Au-delà de la blague, le réalisateur américain a aussi voulu alerter sur les dangers du nouveau type de montage qu’il a utilisé : les deeepfakes. Cette technologie permet de recréer à l’identique des personnes existantes. Il est aussi possible de produire de toutes pièces des visages d’individus n’ayant jamais existé. Certaines applications de cette innovation peuvent s’avérer amusantes, mais on mesure assez vite son potentiel destructeur.

Les deepfakes rendent difficiles la distinction entre vrai et faux

À l’ère des fake news et de la manipulation sur les réseaux sociaux, beaucoup craignent que cette technologie ne tombe entre de mauvaises mains. Et les pourfendeurs des deepfakes ne seront pas vraiment rassurés en apprenant que des chercheurs tentent de perfectionner cette technique. Des scientifiques de l’université de Stanford aidés de ceux d’Adobe Research parviennent désormais à faire parler les visages faussement générés. On peut d’ailleurs observer le résultat assez impressionnant dans cette vidéo.

Le processus, assez complexe,  suppose de partir d’une vidéo du sujet afin d’isoler les phonèmes de ce dernier (éléments sonores le distinguant). Il s’agit ensuite d’y associer les expressions faciales correspondantes. Puis, un modèle 3D de la moitié inférieure du visage de la personne ciblée est créé. Le logiciel est alors en mesure de faire parler ladite personne mais en tenant des propos différents de ceux qu’elle a réellement prononcés.
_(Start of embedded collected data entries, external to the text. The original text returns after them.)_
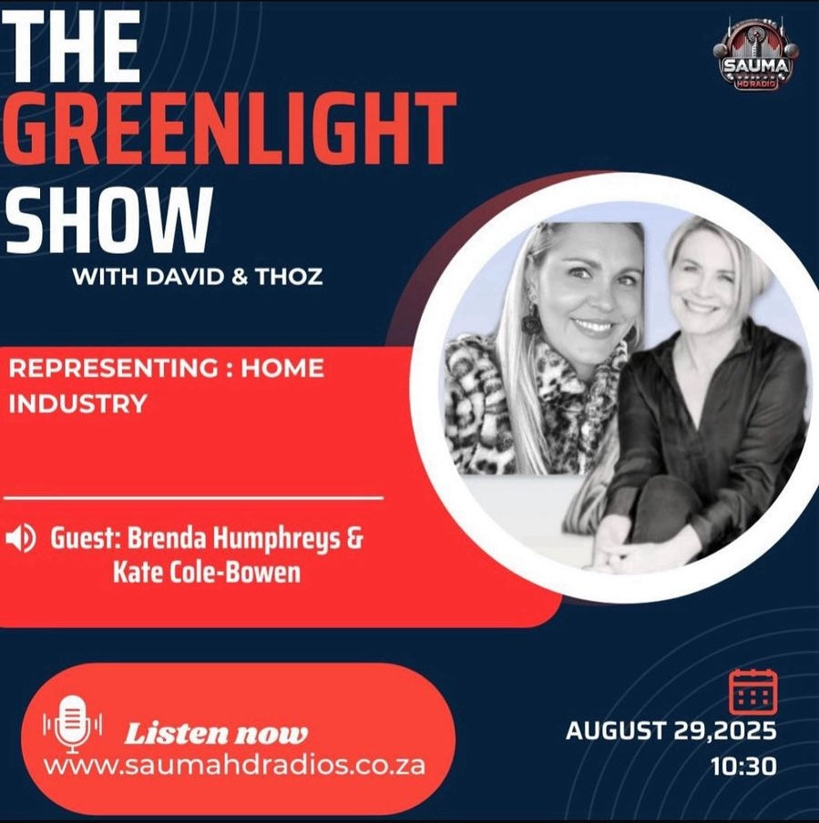 Home-Industry was recently featured on The Green Light Show with Sauma HD Radio, where founder Kate Cole-Bowen and business development manager Brenda Humphreys shared the story of the brand’s humble beginnings and steady growth. The discussion explored what makes Home-Industry unique — its ability to balance locally made and internationally sourced products, while curating collections with intention and care.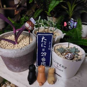 今日は🏷️トトの日 サニコさんのリメ缶と鉢シリーズに 新しくヤドカリ缶も加わりました🎶🎶 碧魚連🐟️は何とか夏を乗りきりましたが💦ダメージ強くだいぶ減りました💦 えつこさんの鉢のタコさんに新しく お迎えした碧魚連🐟️を植えました💚 なのに💦バッタに喰われてました😭 ジュンさんの編み編みタコ🐙ちゃんと タイヨウさんのお魚ピック可愛いい❤️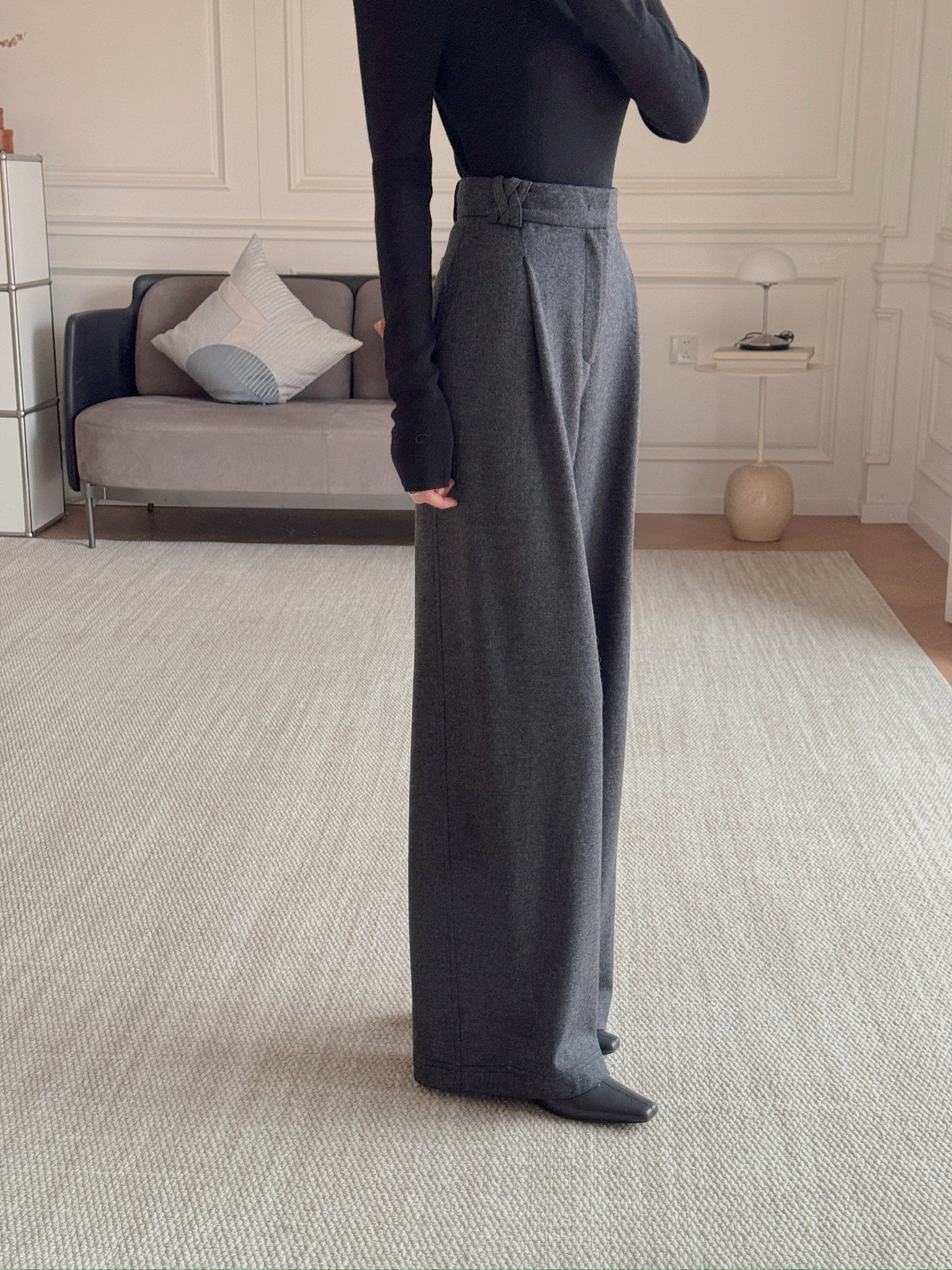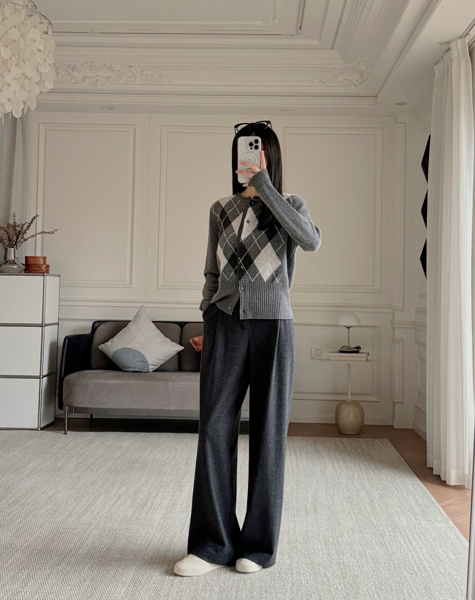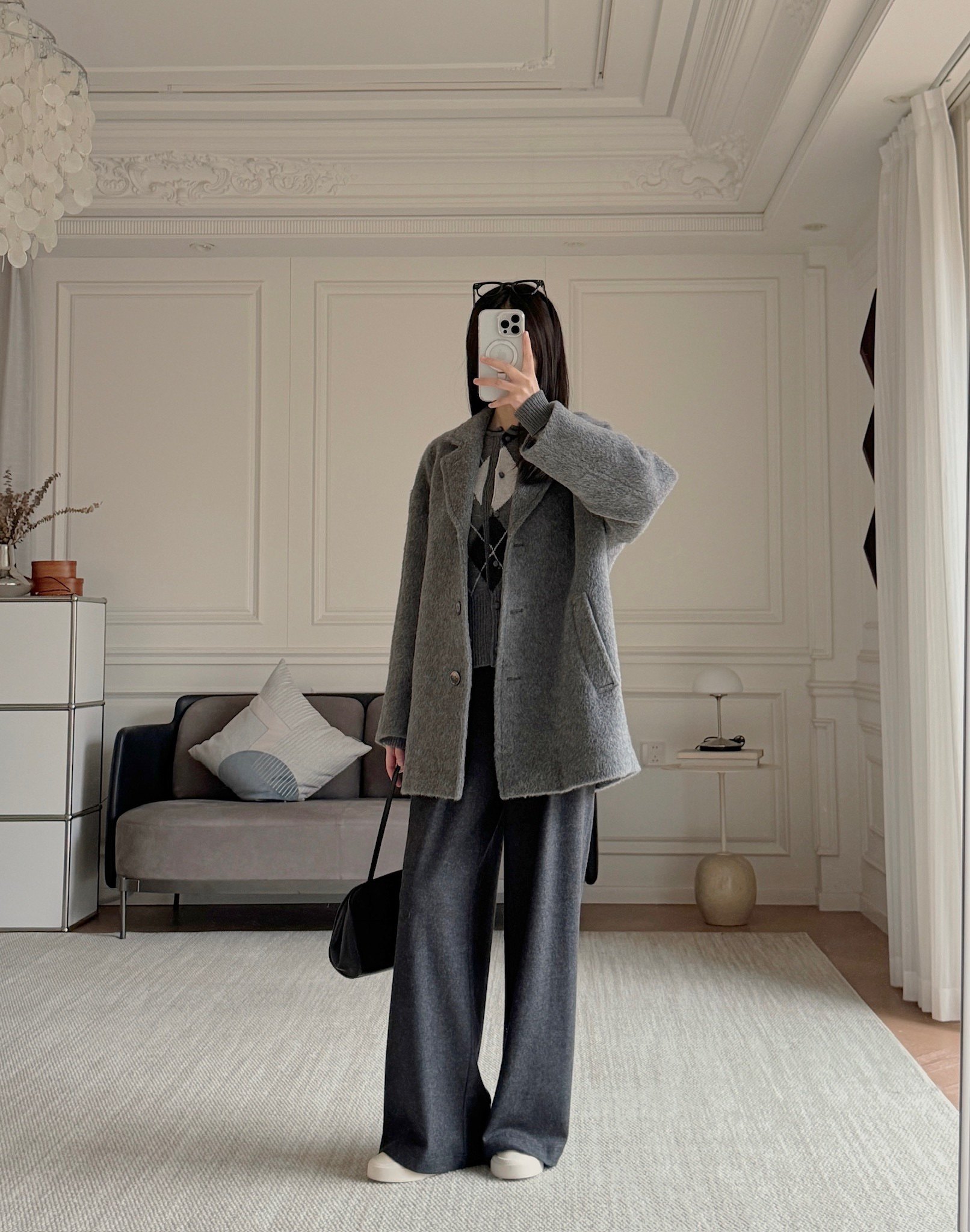 及地裤长自然垂坠,纵向拉伸线条,松弛有度!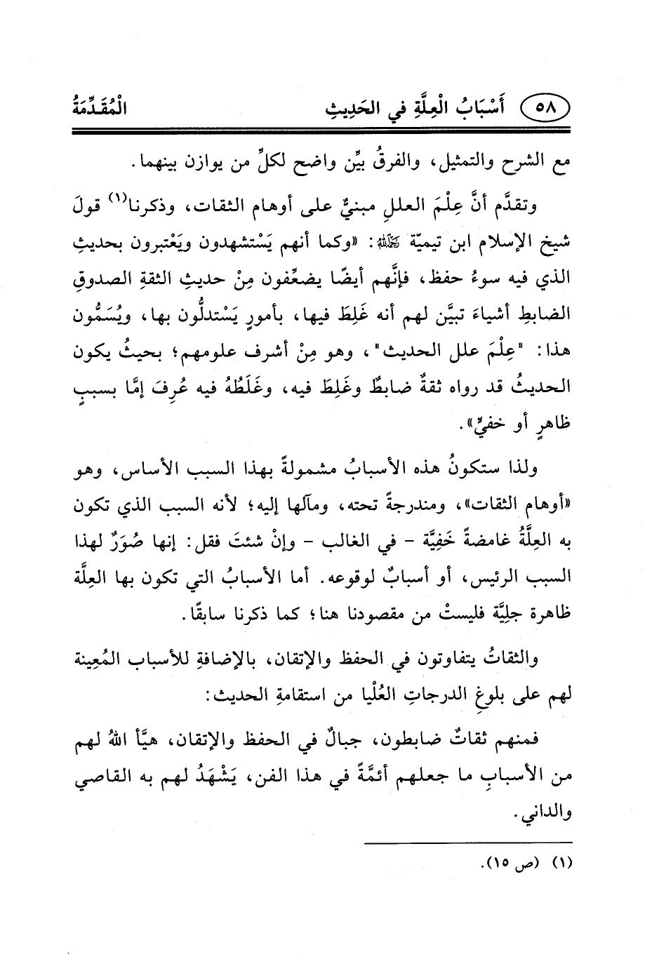 وتقدَّم أنَّ عِلْمَ العللِ مبنيٌّ على أوهام الثقات، وذكرنا (١) قولَ شيخ الإسلام ابن تيميّة _ح: «وكما أنهم يَسْتشهدون ويَعْتبرون بحديثِ الذي فيه سوءُ حفظ، فإنَّهم أيضًا يضعِّفون مِنْ حديثِ الثقةِ الصدوقِ الضابطِ أشياءَ تبيَّن لهم أنه غَلِطَ فيها، بأمورٍ يَسْتدلُّون بها، ويُسَمُّون هذا: "عِلْمَ علل الحديث"، وهو مِنْ أشرف علومهم؛ بحيثُ يكون الحديثُ قد رواه ثقةٌ ضابطٌ وغَلِطَ فيه، وغَلَطُهُ فيه عُرِفَ إمَّا بسببٍ ظاهرٍ أو خفيٍّ» .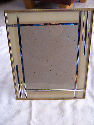 ANTIQUE ART DECO PICTURE FRAME 12x10" GOLD BLACK MIRROR 1950s GLASS stripe decor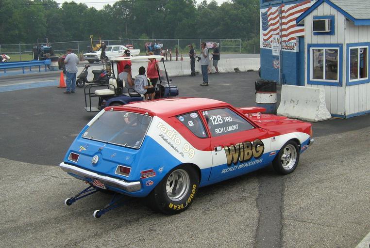 Keywords: 1972 AMC Gremlin veteran dragster 99 WIBG mdD-ru.jpg en The radio 99 WIBG Pro-Stock Gremlin approaching the timing booth after a run down the drag strip Note the wheelie bars This customized 1972 AMC Gremlin is a historic professional dragster that was driven by Rich LaMont and sponsored by radio station 99 WIBG broadcasting in Philadelphia PA This car RUNS the quarter-mile at around 8 75 seconds achieving over 150 mph 240 kph This Pro-Stock racer is restored period correct and raced regularly Photograph taken at Potomac Ramblers automobile club's 2011 All AMC Drag Race Day held at the Capitol Raceway a NHRA sanctioned 1/4 mile asphalt and concrete drag strip located in Crofton Maryland own 2011-06-11 CZmarlin ” Christopher Ziemnowicz releases all rights but a photo credit would be appreciated if this image is used anywhere other than Wikipedia Please leave a note at Wikipedia http //en wikipedia org/w/index php title User_talk CZmarlin action edit section new here Thank you en I the copyright holder of this work hereby release it into the public domain This applies worldwide thumb left Side rear view with open driver's door thumb center Front view of the customized 1972 AMC Gremlin thumb left Race driver's cockpit and controls thumb center Waiting in lanes with other all AMC automobiles thumb left The Radio 99 WIBG Pro-Stock Gremlin doing a burnout at the drag strip thumb center At the starting line for the race the radio 99 WIBG Pro-Stock Gremlin in lane 1 and and a two-seat 1969 AMX finished in Big Bad Orange in lane 2 thumb left The Pro Stock 1972 Gremlin returning from a run down the drag strip thumb center Rear right side view thumb left The 1972 AMC Pro Stock trailer AMC Gremlin AMC Custom cars AMC dragsters Drag strips Automobiles facing right Photographs of flags of the United States |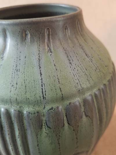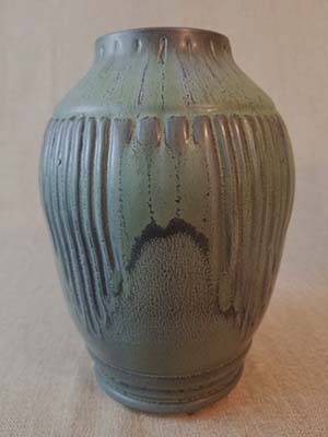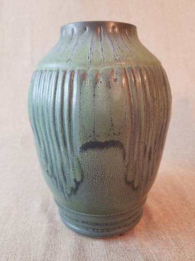 Comments: This vase was inspired by “Espanol” line of pottery from Newcomb College circa 1920 which was commonly in a darker blue glaze often with the glaze drip pooling in a paler blue/white variation. My vase is uniquely diverse although you can see the inspiration in the perpendicular incising defined by the green glaze dripping and pooling into black glaze.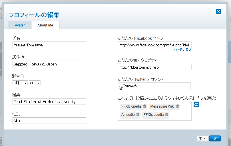 - 入力したプロフィールは、そのプロフィールを入力したウィキだけでなく、これまで編集したことのある全てのウィキに反映されます。どのウィキで見てもわかるような形の情報にしましょう。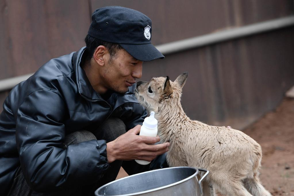 2020年7月8日,三江源國家公園管理局長江源園區可可西裏管理處卓乃湖保護站的工作人員才文多傑在給一隻藏羚羊幼仔喂奶。 新華社記者 張龍 攝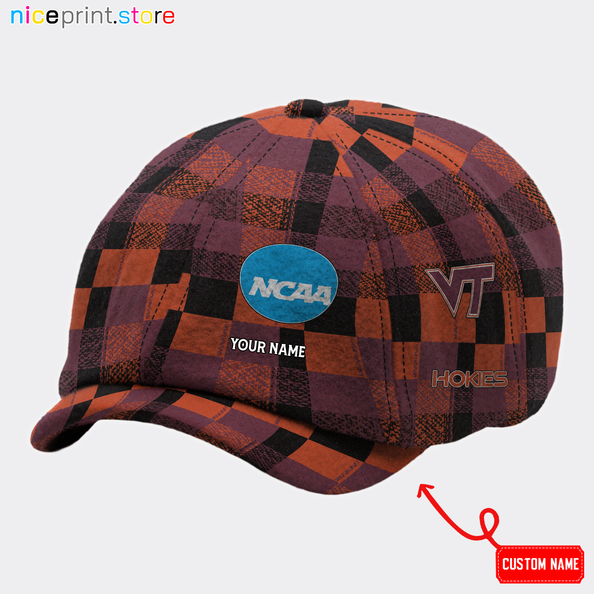 Virginia Tech Hokies NCAA2 Baker Boy Hat, Newsboy Hat M01

Tout cela est plutôt inquiétant, car avec les deepfakes, il sera de plus en plus difficile de distinguer le vrai du faux. Les chercheurs semblent même en avoir conscience et l’ont expliqué dans un billet de blog : « Les risques d’abus sont accrus lorsqu’ils sont appliqués à un mode de communication parfois considéré comme une preuve irréfutable de pensées et d’intentions. Nous reconnaissons que des acteurs mal intentionnés pourraient utiliser de telles technologies pour falsifier des déclarations personnelles et calomnier des personnalités. »

Bref, pour l’instant tout va bien, même si les scientifiques ne sont pas vraiment rassurés sur les utilisations qui pourraient être faites de leur travail. Face à ce danger, la vigilance des citoyens et leur sensibilisation à ces nouveaux enjeux semblent être les meilleurs remparts.